The vote came after residents adamantly told the council they didn’t want another low-income housing community next to their homes. One resident said there were 15 such communities with a 5-mile radius of the site. Moon helped organize a bus to bring people to City Hall to speak against the project.
Councilwomen Ann Zadeh, Kelly Allen Gray and Gyna Bivens voted to support the project. Later, Bivens would say she was bothered by “the tone” in the council chamber that night.
Zoning cases heard
In another case that involved 3.8 acres off Belknap Street, at 1330 Harper St., 4005 Wheeler St. and the 1300 block of Kings Highway, Moon received the single-family designation, even though the city did not hear back from the two owners after they were notified of pending zoning change.
The zoning was also changed on 14.5 acres at 5817 and 5901 Boca Raton Blvd., property where the city obtained ownership by condemnation in 2007 for repeated code violations. The apartments were demolished.
In June, zoning was changed on nearly 7 acres close to the northwest corner of Boca Raton and Woodhaven Boulevard, despite the objection of the property owner. The owner also could not be reached for comment.
And in another case, the zoning was changed on 156 acres generally bounded by Western Center Boulevard, North Beach Street, Fossil Creek Boulevard and Interstate 35W — mostly vacant land and the Golf Club at Fossil Creek — as a way to prevent future multifamily development, or worse, industrial uses, if the golf course changed hands. The New York-based owners did not oppose the rezoning, according to a city report.
Moon said he “was getting ahead” of any potential problems.
In that case, though, about 18 acres at Travertine Lane and Riverside Drive, north of Fossil Creek, were taken out of the request because the landowner, Cortland Partners in Atlanta, objected to the rezoning. The owner’s attorney told the council that it has well over $1 million invested in an upcoming apartment community.
In one case not initiated by Moon but in his district, the council in November voted 7-2 to approve changing at the owner’s request a vacant 17.3-acre industrial tract to high-density multifamily in the Mercantile Business Park off Meacham Boulevard. This was despite city staff saying the proposed use was a “significant deviation” from the city’s comprehensive plan. The Zoning Commission had recommended that the council deny the request.

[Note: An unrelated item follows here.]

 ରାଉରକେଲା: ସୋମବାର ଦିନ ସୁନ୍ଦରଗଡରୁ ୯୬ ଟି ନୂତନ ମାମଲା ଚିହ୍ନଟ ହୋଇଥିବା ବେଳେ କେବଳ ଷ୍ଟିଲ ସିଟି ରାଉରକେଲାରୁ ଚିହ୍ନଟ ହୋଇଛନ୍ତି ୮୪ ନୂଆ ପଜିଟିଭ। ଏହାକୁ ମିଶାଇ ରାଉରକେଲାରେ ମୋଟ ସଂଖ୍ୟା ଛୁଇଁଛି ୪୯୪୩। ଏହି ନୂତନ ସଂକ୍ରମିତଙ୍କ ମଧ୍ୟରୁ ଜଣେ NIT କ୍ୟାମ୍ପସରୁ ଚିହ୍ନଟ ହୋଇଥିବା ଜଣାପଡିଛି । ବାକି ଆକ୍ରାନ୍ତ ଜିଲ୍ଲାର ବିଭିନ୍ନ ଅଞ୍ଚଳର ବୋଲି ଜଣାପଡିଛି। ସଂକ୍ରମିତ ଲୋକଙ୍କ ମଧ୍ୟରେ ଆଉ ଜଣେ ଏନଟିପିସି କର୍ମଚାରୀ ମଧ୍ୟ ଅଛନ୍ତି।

The opposition said the land, at 3451 Northern Cross Blvd., is not close to parks, sidewalks, grocery stores or other retail outlets and would be more than a mile from a proposed Tex Rail station. There are no bike lanes or medical centers nearby, they said. Beyond that, several top officials with Eagle Mountain-Saginaw school district vociferously opposed the rezoning, saying the location was far from the nearest schools, making it a difficult trek for residents.
NRP Group plans 363 apartments. The sale of the land is expected by the end of July, according to Mercantile Partners.

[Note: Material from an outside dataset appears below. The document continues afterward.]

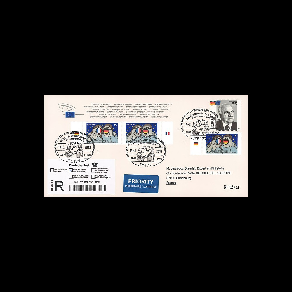 Postmarked in Pforzheim (Temporary office in European Parliament) "50 Jahre Deutsch-Französische Zusammenarbeit" dated May, 19 2013

Moon said this case met his criteria for apartments being done in the right location.
“It’s near a major traffic corridor with Loop 820 and Beach and it’s near public transportation,” Moon said. “I haven’t done a good enough job of telling this story. This is a perfect example of how we should do this correctly. This location has minimal impact on single-family.”
But before he would approve the case, Moon said he sought and received assurances from the developer that it would provide after-school and summer programs for the kids who live there, saying, “A lot of cities take on measures that have more controls in the development.”

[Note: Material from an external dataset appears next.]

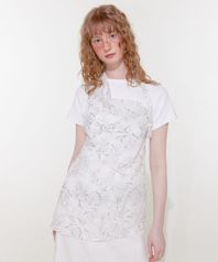 비조여밈. 어깨 셔링 포인트. 자가드 플라워 패턴.

Moon has not finished his pursuit. He said he’s looking to find all the vacant land in his district that is zoned multifamily but that is not in concert with the city’s comprehensive plan. So far, he’s pegged about 10 properties he said he’ll consider council-initiated rezoning.
“One of my campaign commitments was smarter development,” Moon said. “I’m not against multifamily. I’m against multifamily being done wrong. I still have a lot of work to do.”